The next time you open a packet of cereal, get in your car, build a flat pack chest of drawers, swig on a soft drink or climb into bed, a tiny little part of what you are doing may all be down to a company in Milton Keynes which has just won a remarkable fifth Queen’s Award for Industry. 

Beardow Adams is not a household name, but it is almost certain you have some of their products in your house right now.  The company makes what are called “hot melt adhesives,” glues involved in sticking almost anything together from labels on jars and bottles to wood panels and car trim.  It develops and manufactures products specifically to meet customer needs, and seventy per cent of its output is exported, which is why the Queen’s Award is for International Trade.
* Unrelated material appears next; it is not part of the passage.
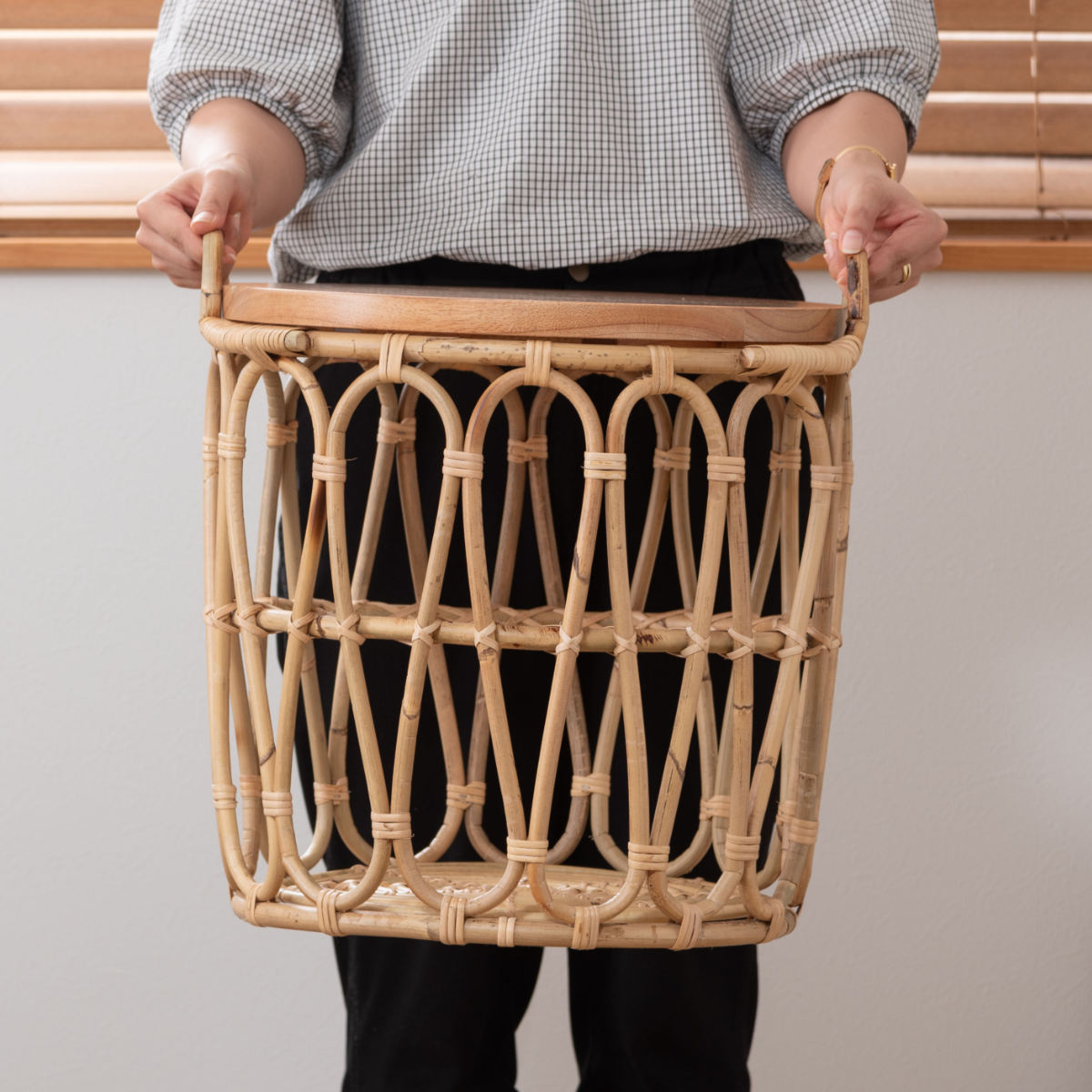 天然木ミンディを使用した丸形の天板は美しい木目が際立ち、空間に温かみを添えてくれます。天板裏には板が2つ取り付けられているので、テーブルとして使用するときは、しっかりバスケットにはめ込むことができます。
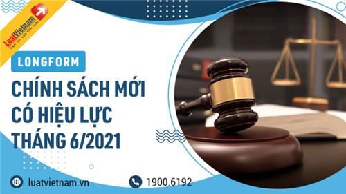 Nửa năm 2021 đã sắp qua đi. Những quy định, chính sách mới nổi bật có hiệu lực trong tháng 6/2021 sẽ được LuatVietnam đề cập dưới đây.

“It’s a great boost for our eighty-five staff and something they richly deserve,” says Nick Beardow, the company’s Sales and Marketing Director.   “The company started thirty-five years ago and to win our fifth Queen’s Award in that time and have a turnover of £50 million shows that we, all of us, must be doing something right.”

The company sells to some big names including Coca Cola, Nestlé, Colgate and Unilever.  Its glues are more efficient and more environmentally friendly than traditional products and can be used in extremes of temperature and humidity.  Hot melt adhesives work by being applied in liquid form and hardening as they cool, sometimes in less than a second.  This makes using them in production processes much less time consuming than glues which have to dry out to work.

“We’re not the cheapest player in the market nor are we the biggest,” Nick says, “but where we win is that our products are specifically developed for the customer’s needs and they’re really reliable so there’s no chance of production being stopped because the things aren’t working properly – the biggest problem facing manufacturers using the wrong glue.”

Last year Beardow Adams was named one of the UK’s one hundred fastest growing companies, partly as a result of their successful expansion into markets as far afield as Australia, Chile and South Africa. 

“We so often hear about how British manufacturing is dead and that we don’t export,” says Nick, “but it’s just not true.  Interestingly, the Queen’s Award has a big impact outside this country.  The Queen is still held in high esteem and that Royal recognition counts for a great deal in many places – even in Argentina where you might have thought they would be a bit anti the British monarchy.”

The company’s big goal at the moment is to become a more significant player in the Asia-Pacific markets.  It already sells to Indonesia, Singapore and the Philippines but they want to crack China, Japan and Korea too.

Nick says, “Everyone here is really proud of the way that the things we make in Milton Keynes are sold all round the world.  It proves that Britain really can compete, we’re delighted to be a part of the export drive and greatly honoured by this award.”